Much is written and discussed on the matter of dental education starting from the premise of do we need it at all, since 'remote' dental care is now a reality moderated by scans and artificial intelligence (see the Upfront pages in this issue)? Then moving to the contrary view that we need more of it than ever before so as to be able to tackle new challenges - possible resulting from the former. As ever, the middle ground is likely to hold sway in that the current length of education is about right, but it is the quality and the balance of content that needs adjustment. Merely cramming more in serves only to stress and overstretch students while quite probably undermining the value of the whole. The devil is in the detail. How much of what to include and how little of something else? No curriculum can expand inexorably and tough decisions have to be made, but based on what? Most sensibly the foundation would be predicated on what the newly qualified dentist needs both immediately and to prepare her or him with the skills and knowledge to guide the rest of their career. But here we rub up again against the question of what they will be doing for the rest of their career. It calls to mind the response of the old man in a country lane who, when stopped and asked for directions to a certain place replies that if that was his destination he would 'not start from here.'

The fact of the matter is that no one knows, all we can do is to best guess based on knowledge from the past, disease and social norms of today and trends that might stretch ahead. For example, one school of thought posits that the future will involve a much greater degree of team working. Consequently it is a 'good thing' that dental students are taught alongside other dental care professionals so as to prepare them for the brave new reality.

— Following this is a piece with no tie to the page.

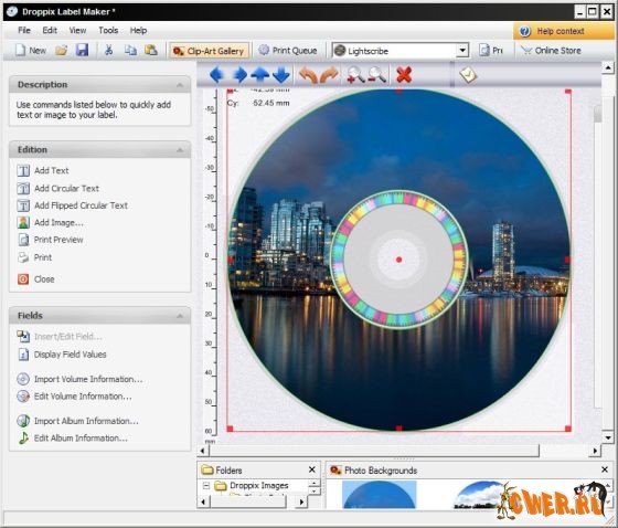 Программа для создания и печати высококачественных наклеек для дисков CD и DVD. Для создания наклеек Droppix Label Maker имеет профессиональные инструменты редактирования и большое количество шаблонов, изображений и шрифтов, которые можно использовать в дизайне этикеток. Программа работает как с технологией LightScribe (нанесение монохромных рисунков на поверхность диска), так и с любыми принтерами, которые печатают на CD/DVD.

Yet such a scheme hardly finds practical application in the current provision of oral healthcare services, meaning that co-operative skill sets so learnt fall fallow as soon as the individuals have qualified. Another, more extreme variant suggests that all dental care students begin from scratch in the same direction of travel, branching out into dentist, hygienist, therapist and so forth after a certain distance of learning. Others, focussing on the how as much as the why, advocate the advantages of blended teaching as a mix between face-to face and online learning.1

No curriculum can expand inexorably and tough decisions have to be made

Early on in its chequered history from market place spectacle to respectability, dentistry was learnt on the job by means of apprenticeship. This was seen then, and remains in many walks of life now, as being wholly acceptable and reasonable. Indeed, the progress in the last three or four decades from voluntary to mandatory vocational training through to foundation dentist stands testament to the lasting value of this strand of generational knowledge transfer. Various authors have explored the practical problems of this scenario, such as Hanks et al.,2who concluded that successful negotiation between trainers and trainees was the most successful route to creating rounded and competent clinicians. They further suggested that dialogue between undergraduate and postgraduate dental education systems would help to increase the veracity of this transition, thereby boosting the chances of supporting new graduates in both the early years of their working lives and their longer term career decisions. Questions, questions, questions. Few answers.